§ PROVIDED MATERIAL
------

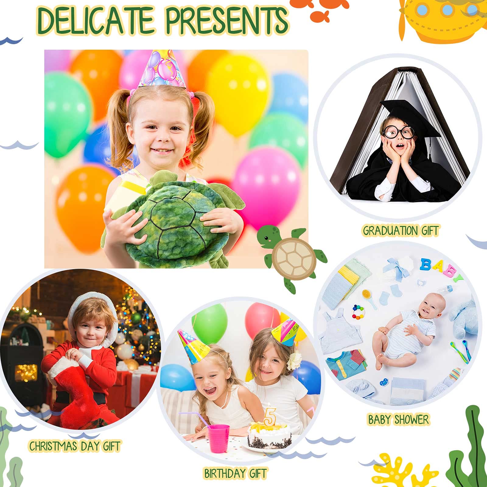 ["Product included: You will receive a 12-inch plush mama turtle and 4 pieces of small plush baby turtles; They are not only for entertainment but also as a gift for your friends for a lasting friendship; When you are far away, a cute plush squirrel can accompany your friends like you","Thoughtful Storage Design: Designed with a hidden zipper under the turtle shell, simply stuff 4 small plush baby turtles into the body of mama turtle and zip up; Whether you are traveling or at home, you don't have to worry about storage; Simply open the zipper and take them out when playing","Soft plush material: Made from high-quality fabrics, these sea turtle plush toys are designed to withstand endless playtimes, easy to clean with washable surfaces, so you just need to clean with soap, rinse in water, and then air dry","Cute gifts: These fabric turtle toys are lively, charming, and appeal to the taste of family and friends, allowing you to give them to your friends, family, and sea adventure enthusiasts for Christmas, Easter, Valentine's Day, birthdays, or other holidays","Wide use: These soft plush turtle animal toys can be used as sleep pillows, living room furniture decorations, play toys, throw pillows, animal-themed party decorations, rewards for school ocean activities, and more"]
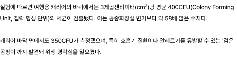 캐리어 바닥 면에서도 350CFU가 측정됐으며, 특히 호흡기 질환이나 알레르기를 유발할 수 있는 '검은 곰팡이'까지 발견돼 위생 경각심을 일으켰다.아시아경제의 2025년 11월 21일 기사 '매일 입에 닿는데 세균·곰팡이 '범벅'…변기보다 3000배 더러운 전자담배' 발췌:
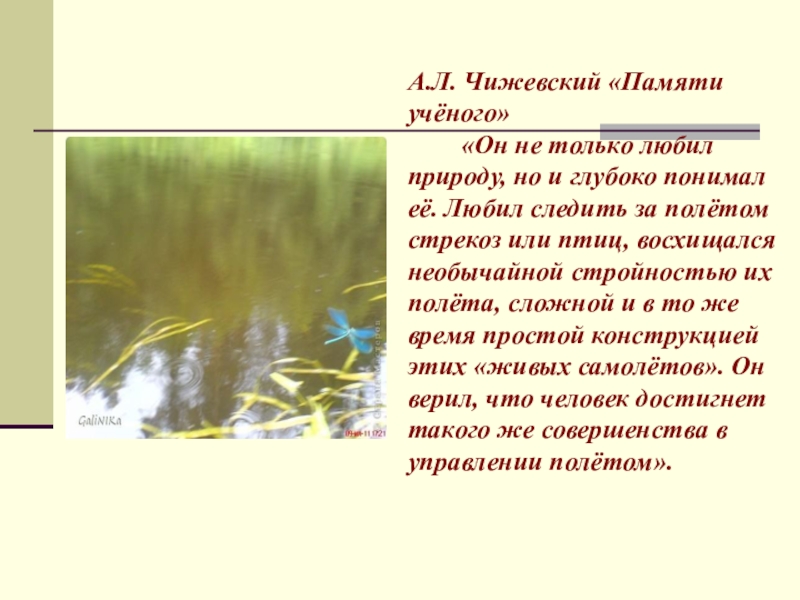 природу, но и глубоко понимал её. Любил следить за полётом стрекоз или птиц, восхищался необычайной стройностью их полёта, сложной и в то же время простой конструкцией этих «живых самолётов». Он верил, что человек достигнет такого же совершенства в управлении полётом».
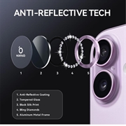 Voeg glans en bescherming toe aan je iPhone 17 met de NORTHJO Camera Lens Protector. Ontworpen met glinsterende steentjes en precisiegeslepen gehard glas, houdt het je cameralens veilig tegen krassen, stof en stoten terwijl het een vleugje elegantie en luxe toevoegt.

------

§ WORK REQUIRED
Could you return the listing above exactly, minus its pictures?

§ TASK SOLUTION
 ["Product included: You will receive a 12-inch plush mama turtle and 4 pieces of small plush baby turtles; They are not only for entertainment but also as a gift for your friends for a lasting friendship; When you are far away, a cute plush squirrel can accompany your friends like you","Thoughtful Storage Design: Designed with a hidden zipper under the turtle shell, simply stuff 4 small plush baby turtles into the body of mama turtle and zip up; Whether you are traveling or at home, you don't have to worry about storage; Simply open the zipper and take them out when playing","Soft plush material: Made from high-quality fabrics, these sea turtle plush toys are designed to withstand endless playtimes, easy to clean with washable surfaces, so you just need to clean with soap, rinse in water, and then air dry","Cute gifts: These fabric turtle toys are lively, charming, and appeal to the taste of family and friends, allowing you to give them to your friends, family, and sea adventure enthusiasts for Christmas, Easter, Valentine's Day, birthdays, or other holidays","Wide use: These soft plush turtle animal toys can be used as sleep pillows, living room furniture decorations, play toys, throw pillows, animal-themed party decorations, rewards for school ocean activities, and more"]
 캐리어 바닥 면에서도 350CFU가 측정됐으며, 특히 호흡기 질환이나 알레르기를 유발할 수 있는 '검은 곰팡이'까지 발견돼 위생 경각심을 일으켰다.아시아경제의 2025년 11월 21일 기사 '매일 입에 닿는데 세균·곰팡이 '범벅'…변기보다 3000배 더러운 전자담배' 발췌:
 природу, но и глубоко понимал её. Любил следить за полётом стрекоз или птиц, восхищался необычайной стройностью их полёта, сложной и в то же время простой конструкцией этих «живых самолётов». Он верил, что человек достигнет такого же совершенства в управлении полётом».
 Voeg glans en bescherming toe aan je iPhone 17 met de NORTHJO Camera Lens Protector. Ontworpen met glinsterende steentjes en precisiegeslepen gehard glas, houdt het je cameralens veilig tegen krassen, stof en stoten terwijl het een vleugje elegantie en luxe toevoegt.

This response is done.